## WHAT YOU WILL DO
Images embedded in the records are excluded; print everything else exactly as given.

## RECORDS SHOWN
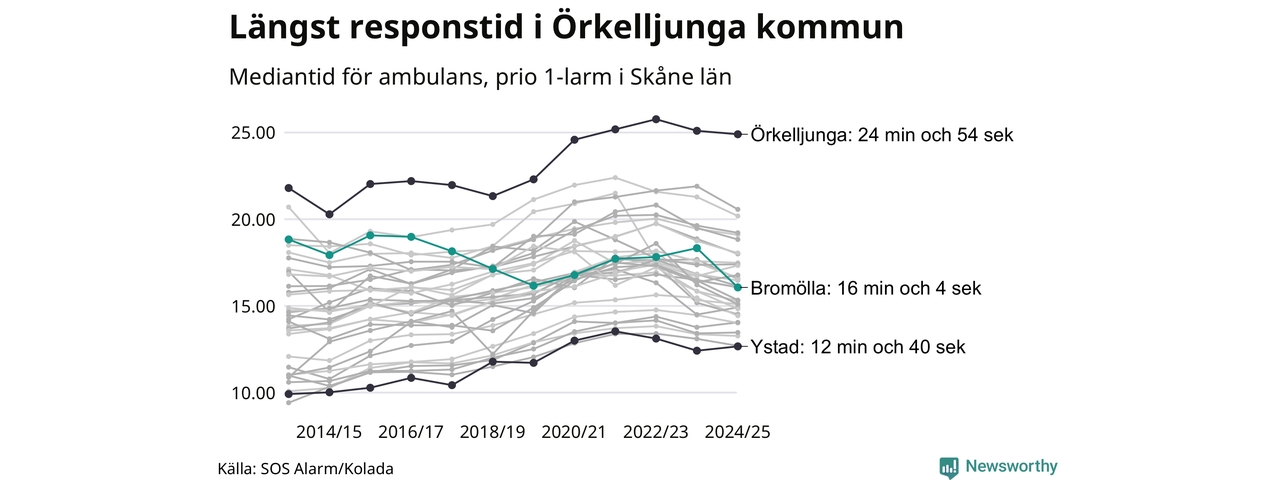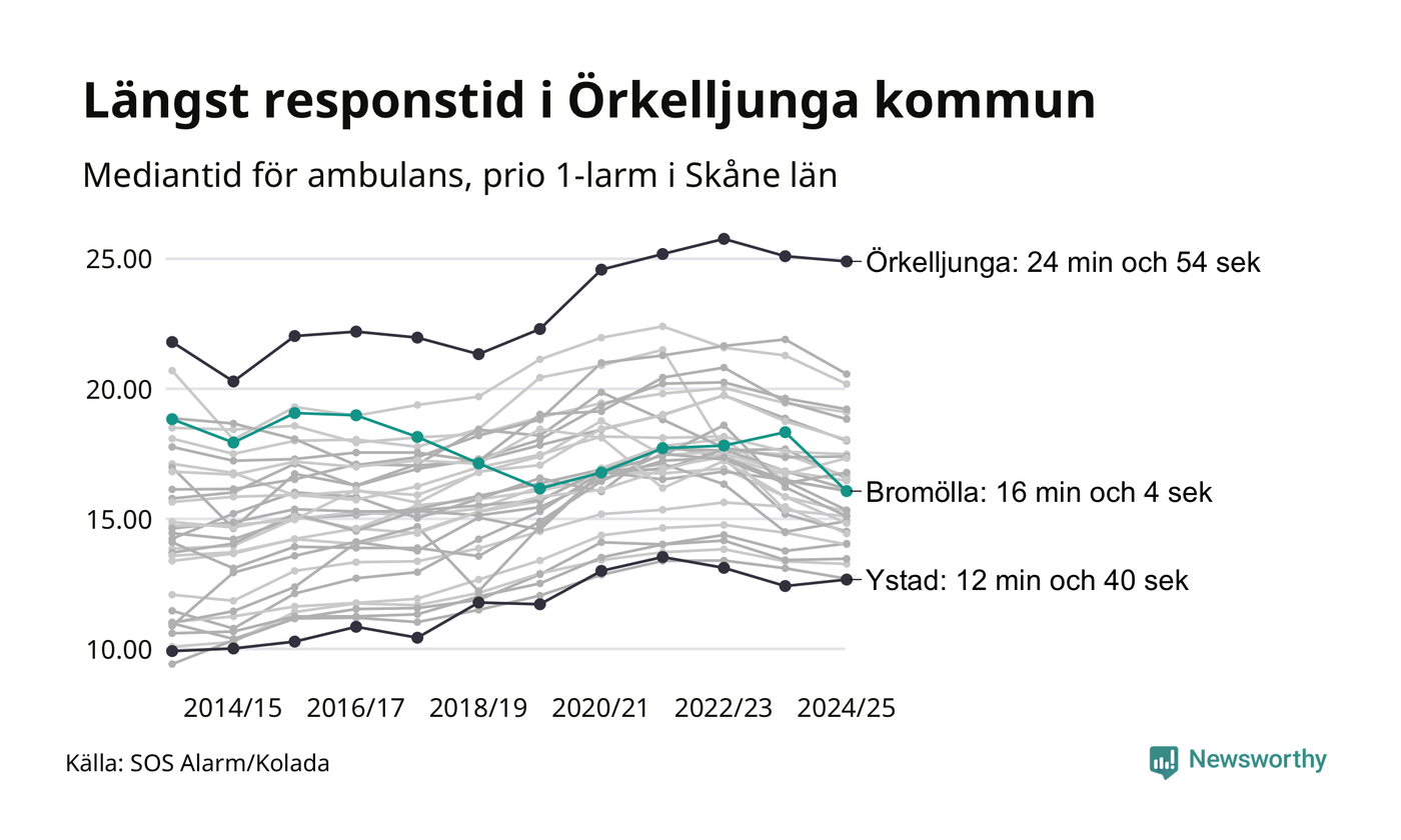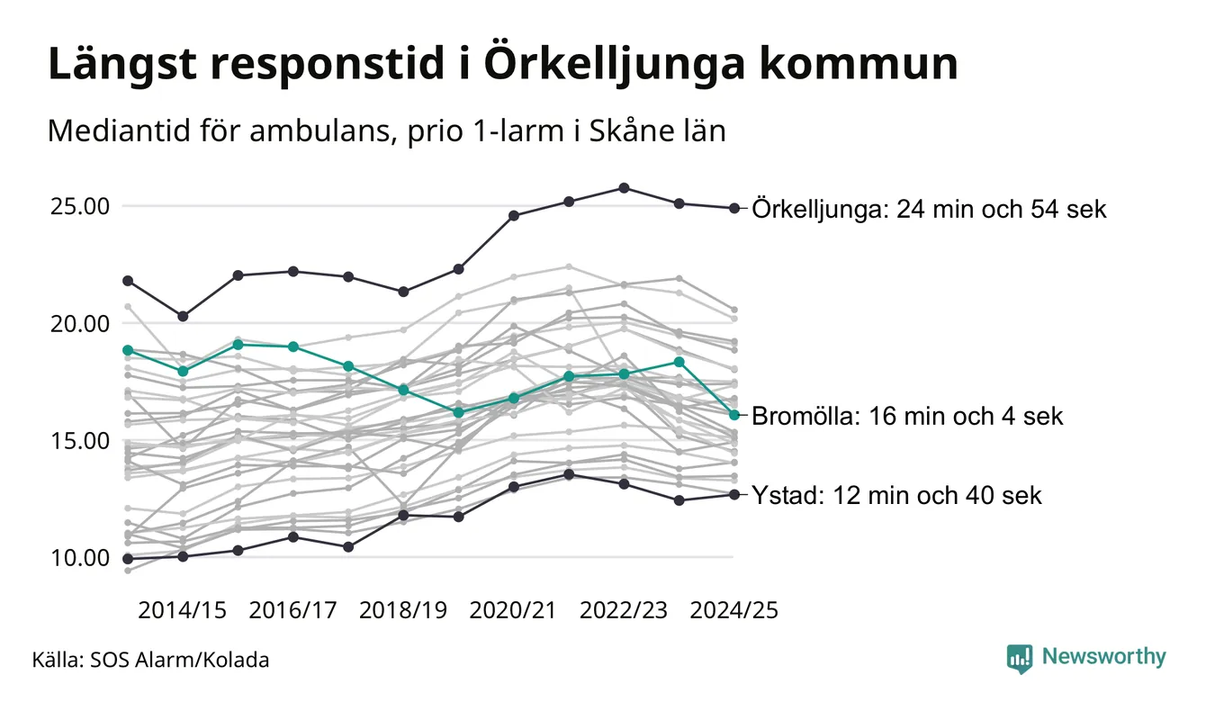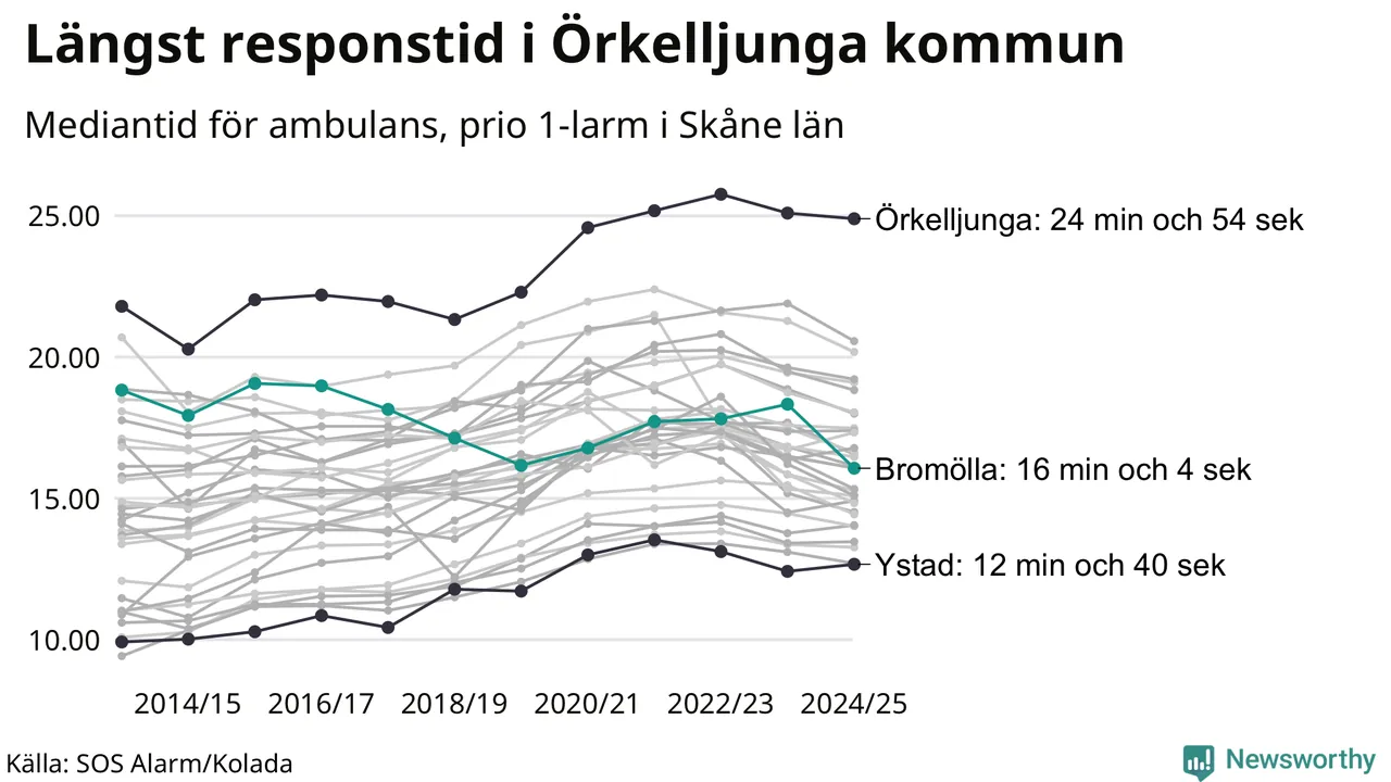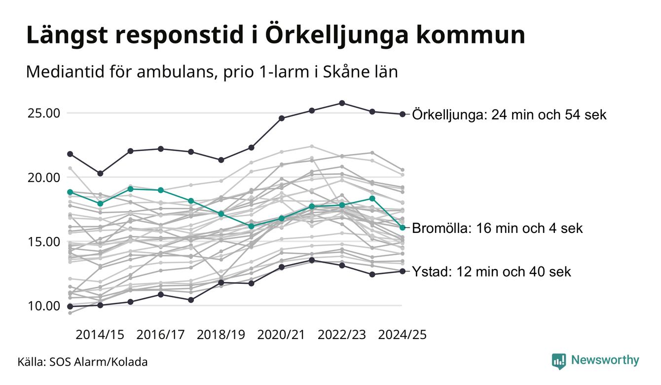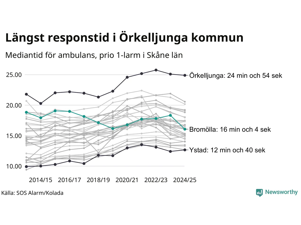 Det tar 16 minuter och 4 sekunder från att 112-samtalet når larmcentralen till att ambulansen är på plats i Bromölla kommun. Det visar de senaste siffrorna från SOS Alarm. Tiden är en mediantid för alla prio 1-larm mellan 1 juni 2024 och 31 maj 2025 och ett nyckeltal som redovisas varje år.
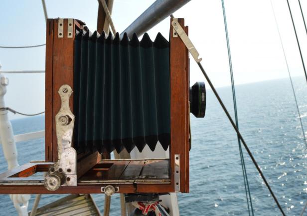 To wystawa unikatowa – 17 wielkoformatowych fotogramów, ukazujących życie na naszym żaglowcu – zrealizowanych archaiczną, XIX-wieczną fotograficzną techniką, przez pana Andrzeja Górskiego podczas rejsu „Darem Młodzieży”. Zastosowana technika tzw. „mokrej płyty” dominowała w fotografii drugiej połowy XIX wieku. Gotowe czarno-białe fotogramy zachowują niepowtarzalny klimat, plastykę i urok artystycznych grafik.
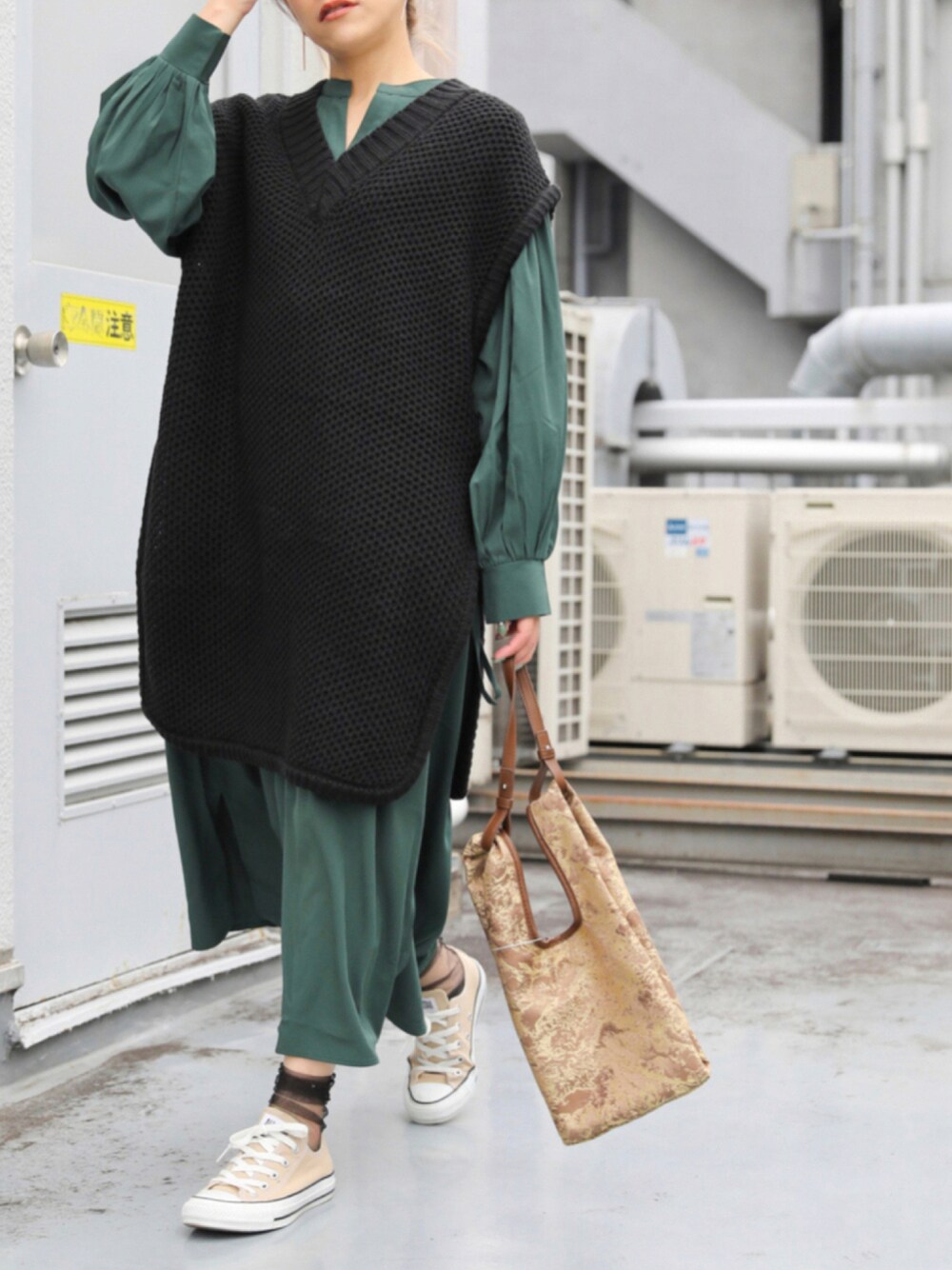 ap retroのワンピース「レイヤード風ボリューム袖ワンピース」を使ったコーディネート
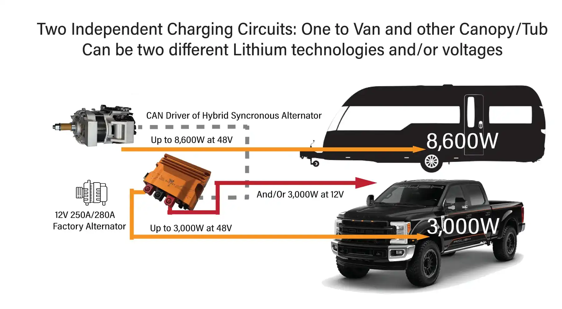 250A DC DC charging with 100% protection of the alternator. Then add the hybrid high power alternator for an additional 5-8kW of power.
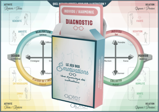 Compuesto por un tablero y una baraja de cartas (56 cartas a dos caras), este juego se utiliza como parte de un coaching / auto-coaching o para dirigir una formación.
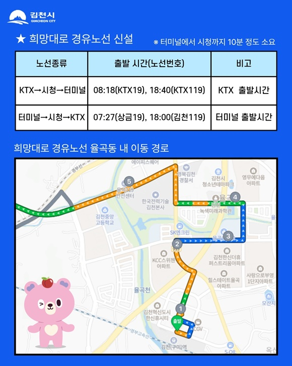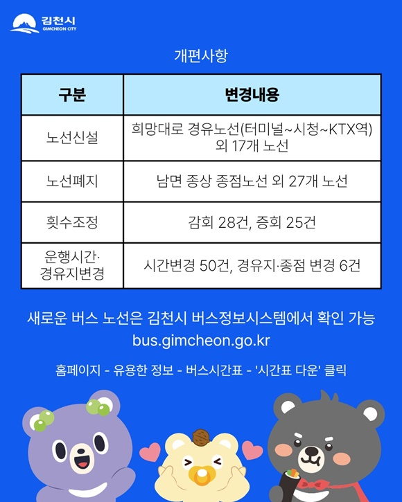 시는 이번 개편으로 대규모 노선 조정이 이루어지는 만큼, 혼선을 방지하기 위해 버스를 이용하는 시민들은 반드시 ‘김천시 버스정보시스템(bus.gimcheon.go.kr)’이나 시청 홈페이지를 통해 변경된 운행 시간표를 사전에 확인할 것을 당부했다. 시 관계자는 “이번 노선 개편은 희망대로 경유 노선 신설 등 주요 거점 간 연결성을 극대화하고 변화하는 교통 환경에 능동적으로 대응하기 위한 조치”라며, “앞으로도 시민들의 목소리에 귀 기울여 더욱 편리하고 효율적인 대중교통 서비스를 제공하는 데 최선을 다하겠다.”라고 말했다.
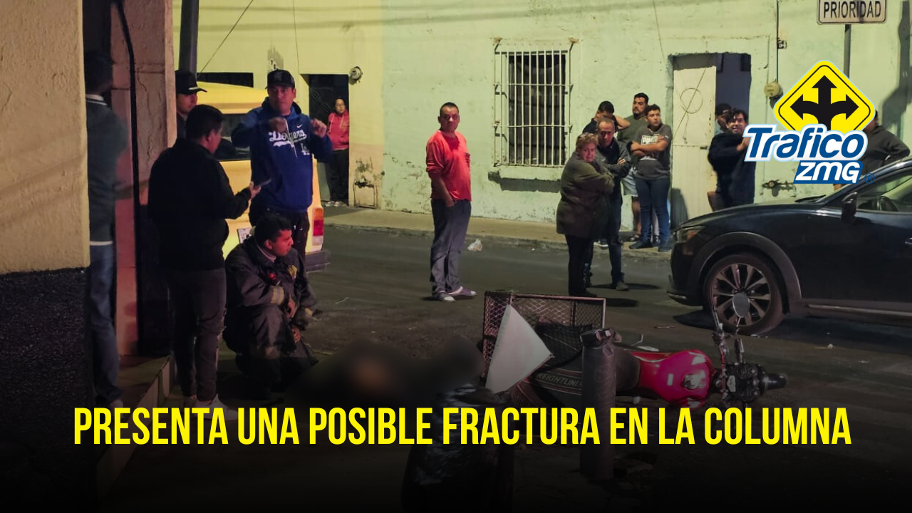Un hombre de aproximadamente 30 años de edad, presunto repartidor, resultó con lesiones graves y una posible fractura de columna tras ser impactado por un vehículo en la colonia Artesanos de Guadalajara, en el cruce de las calles Jesús García y Gregorio Dávila.
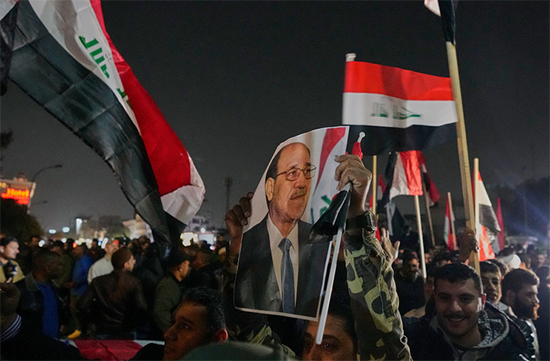 巴格达民众手持马利基头像抗议特朗普政府 美联社
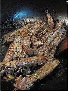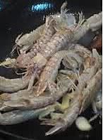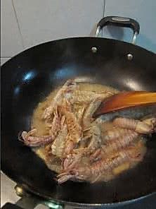 虾变色时放黄酒,撒一小勺椒盐粉,炒匀
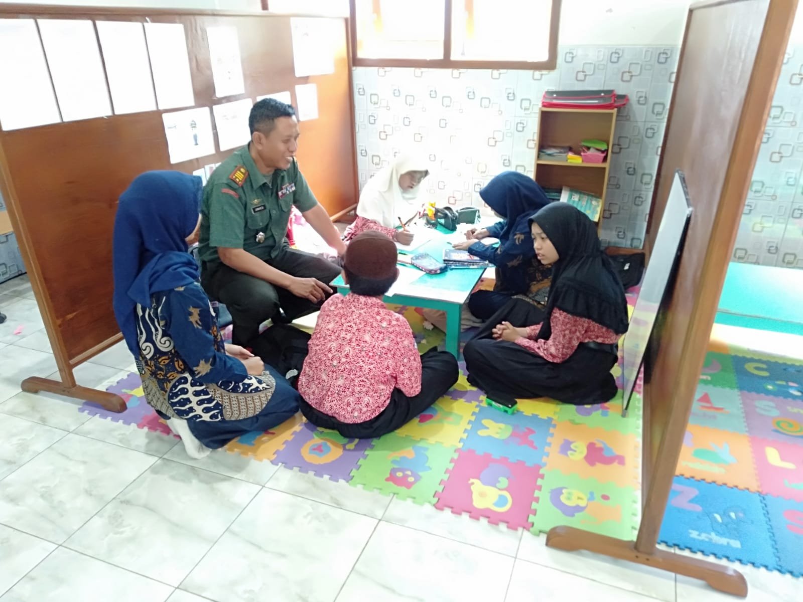 Mojokerto, – Danramil 0815/17 Trawas Kodim 0815/Mojokerto, Kapten Cba Kurniawan Junaedi berkunjung ke Sekolah Luar Biasa (SLB) Kirana Hati Bunda di Desa Tamiajeng, Kecamatan Trawas, Kabupaten Mojokerto, Jawa Timur, Kamis (05/09/2024).
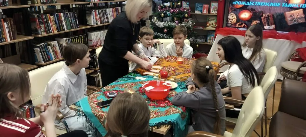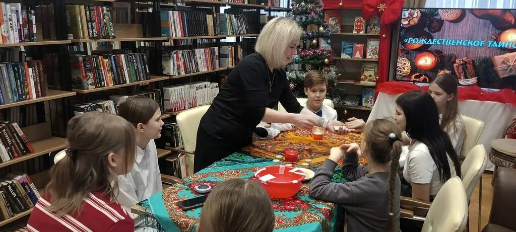 В библиотеке прошла познавательная страница «Рождественское таинство». Юные читатели познакомились с рождественскими легендами, традициями, народными приметами. Поучаствовали в веселых конкурсах, отгадали зимние загадки, а также ответили на различные вопросы на новогоднюю тематику. Но Рождество - это не только большой православный праздник, но и старт для знаменитых святочных гаданий. Сотрудники библиотеки рассказали о разных видах гадания, таких как: гадание на свечах, на воде, на рисе, на спичках и, конечно же, гадание на книгах которое ребята испробовали на себе и узнали, что их ожидает в 2026 году.
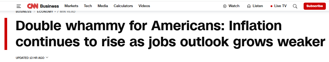 CNN報道稱,普通消費(fèi)者的感受最直接:日常生活開支越來越多,但收入增長跟不上物價漲幅,家庭財務(wù)壓力持續(xù)加大。
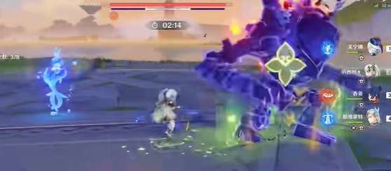 3、将敌人身上的雷元素驱除后,依次使用草神、香菱和芙宁娜的大招,接龙王重击即可轻松过关。
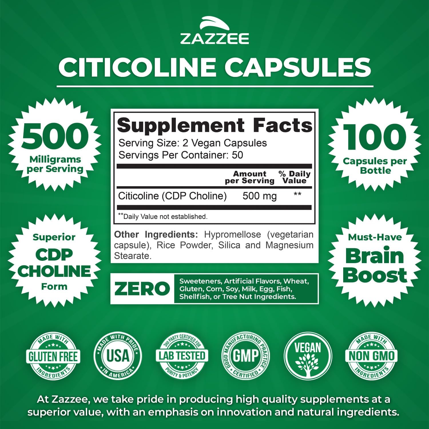 Zazzee Extra Strength Citicoline, 500 mg por Porción, 100 Cápsulas Veganas, Forma Superior de CDP Colina, 100% Vegetariano y Grado Farmacéutico, Suministro de 50 Días, Todo Natural y No OGM

## TASK OUTPUT
 Det tar 16 minuter och 4 sekunder från att 112-samtalet når larmcentralen till att ambulansen är på plats i Bromölla kommun. Det visar de senaste siffrorna från SOS Alarm. Tiden är en mediantid för alla prio 1-larm mellan 1 juni 2024 och 31 maj 2025 och ett nyckeltal som redovisas varje år.
 To wystawa unikatowa – 17 wielkoformatowych fotogramów, ukazujących życie na naszym żaglowcu – zrealizowanych archaiczną, XIX-wieczną fotograficzną techniką, przez pana Andrzeja Górskiego podczas rejsu „Darem Młodzieży”. Zastosowana technika tzw. „mokrej płyty” dominowała w fotografii drugiej połowy XIX wieku. Gotowe czarno-białe fotogramy zachowują niepowtarzalny klimat, plastykę i urok artystycznych grafik.
 ap retroのワンピース「レイヤード風ボリューム袖ワンピース」を使ったコーディネート
 250A DC DC charging with 100% protection of the alternator. Then add the hybrid high power alternator for an additional 5-8kW of power.
 Compuesto por un tablero y una baraja de cartas (56 cartas a dos caras), este juego se utiliza como parte de un coaching / auto-coaching o para dirigir una formación.
 시는 이번 개편으로 대규모 노선 조정이 이루어지는 만큼, 혼선을 방지하기 위해 버스를 이용하는 시민들은 반드시 ‘김천시 버스정보시스템(bus.gimcheon.go.kr)’이나 시청 홈페이지를 통해 변경된 운행 시간표를 사전에 확인할 것을 당부했다. 시 관계자는 “이번 노선 개편은 희망대로 경유 노선 신설 등 주요 거점 간 연결성을 극대화하고 변화하는 교통 환경에 능동적으로 대응하기 위한 조치”라며, “앞으로도 시민들의 목소리에 귀 기울여 더욱 편리하고 효율적인 대중교통 서비스를 제공하는 데 최선을 다하겠다.”라고 말했다.
Un hombre de aproximadamente 30 años de edad, presunto repartidor, resultó con lesiones graves y una posible fractura de columna tras ser impactado por un vehículo en la colonia Artesanos de Guadalajara, en el cruce de las calles Jesús García y Gregorio Dávila.
 巴格达民众手持马利基头像抗议特朗普政府 美联社
 虾变色时放黄酒,撒一小勺椒盐粉,炒匀
 Mojokerto, – Danramil 0815/17 Trawas Kodim 0815/Mojokerto, Kapten Cba Kurniawan Junaedi berkunjung ke Sekolah Luar Biasa (SLB) Kirana Hati Bunda di Desa Tamiajeng, Kecamatan Trawas, Kabupaten Mojokerto, Jawa Timur, Kamis (05/09/2024).
 В библиотеке прошла познавательная страница «Рождественское таинство». Юные читатели познакомились с рождественскими легендами, традициями, народными приметами. Поучаствовали в веселых конкурсах, отгадали зимние загадки, а также ответили на различные вопросы на новогоднюю тематику. Но Рождество - это не только большой православный праздник, но и старт для знаменитых святочных гаданий. Сотрудники библиотеки рассказали о разных видах гадания, таких как: гадание на свечах, на воде, на рисе, на спичках и, конечно же, гадание на книгах которое ребята испробовали на себе и узнали, что их ожидает в 2026 году.
 CNN報道稱,普通消費(fèi)者的感受最直接:日常生活開支越來越多,但收入增長跟不上物價漲幅,家庭財務(wù)壓力持續(xù)加大。
 3、将敌人身上的雷元素驱除后,依次使用草神、香菱和芙宁娜的大招,接龙王重击即可轻松过关。
 Zazzee Extra Strength Citicoline, 500 mg por Porción, 100 Cápsulas Veganas, Forma Superior de CDP Colina, 100% Vegetariano y Grado Farmacéutico, Suministro de 50 Días, Todo Natural y No OGM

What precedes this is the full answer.